Items from a data source:
-------

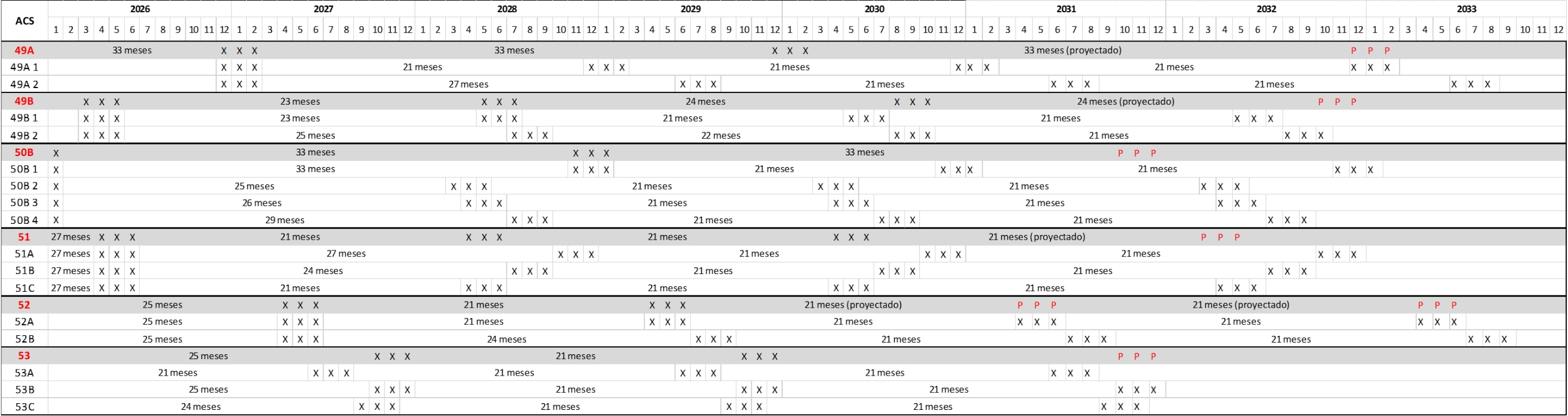 En rojo las ACS originales que fueron subdivididas. “P” (en rojo) corresponde a la proyección del siguiente descanso sanitario si no hubiese subdivisión. Fuente: elaboración propia en base a información del Sernapesca.
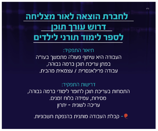 דרוש עורך תוכן לספר לימוד תורני לילדים.
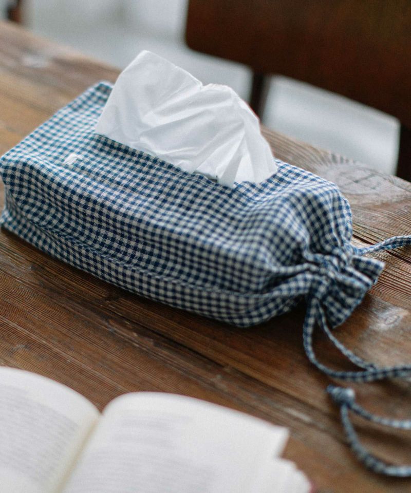 巾着タイプで入れ替えも簡単なティッシュボックスカバー。通常の横置きはもちろん、紐で壁やツールにかけたり、車の中で使うのにも便利です。リネン素材で吸水性がよく、水に濡れても乾きが早いため清潔にお使いいただけます。ナチュラルな風合いで、お部屋のインテリアにも馴染みやすいです。nop de nodのアイコンであるスワンをさりげなく刺繍してあります。お部屋ごとに色違いで揃えたり、プレゼントにもおすすめです。
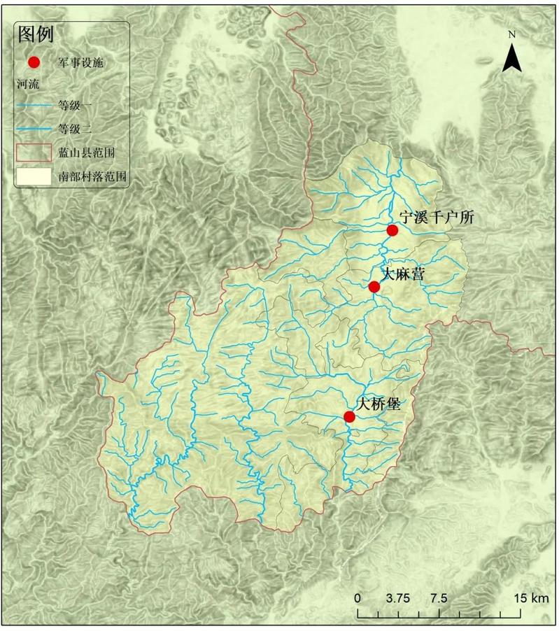 明王朝军事系统的卫所一般以若干个府级行政区设立一个防区,称作卫,卫以下设千户所、百户所。根据明代初期的制度,以5600人为卫,1200人为千户所,120人为百户所,卫所的兵士被编为军户,世袭当兵。明永乐年间,卫所的数目达到最高峰,全国共设置了493个卫,359个千户所。明初设立卫所,亦相应创设了军屯体制。一般而言,卫所军士有三分守城七分屯种或二分守城八分屯种之制。根据地方的具体情况,通常每个军士可分到20亩至100亩土地进行耕种,并缴纳一定赋税,但无须像民户一样承担徭役。后来,随军家属也可顶替军士耕种屯田。湘南地区在明代前期总共设置了4个卫,10个千户所,其中就包括了蓝山境内设于1396年的宁溪千户所。该千户所筑有所城一座,所城南面水陆要冲之地设置了大麻营军营和大桥堡城堡(见图2)。这些军事卫所、军营和城堡的设置,除了防御南部山区的叛乱者入侵之外,也相应促进了该地区卫所屯田的发展。
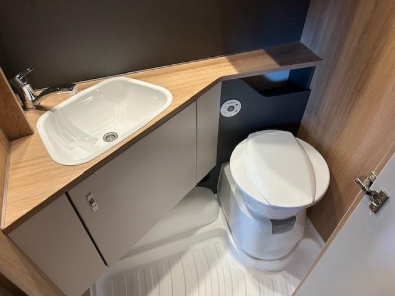 Een extra slaapgelegenheid wordt gevormd door de comfortabele, gezellige treinzit. Het keukenblok, dat centraal in de caravan is gemonteerd, heeft voldoende bergruimte en is uitgerust met een 3-pits gascomfoor, spoelbak en kraan. Een ingebouwde boiler voorziet u van warm water. De koelkast met vriesvak biedt voldoende ruimte voor heel uw voorraad.

-------

Each line from the top of the records through the one containing "דרוש עורך תוכן לספר לימוד תורני לילדים." needs to be transcribed exactly, without pictures.

— Answer for the task —
 En rojo las ACS originales que fueron subdivididas. “P” (en rojo) corresponde a la proyección del siguiente descanso sanitario si no hubiese subdivisión. Fuente: elaboración propia en base a información del Sernapesca.
 דרוש עורך תוכן לספר לימוד תורני לילדים.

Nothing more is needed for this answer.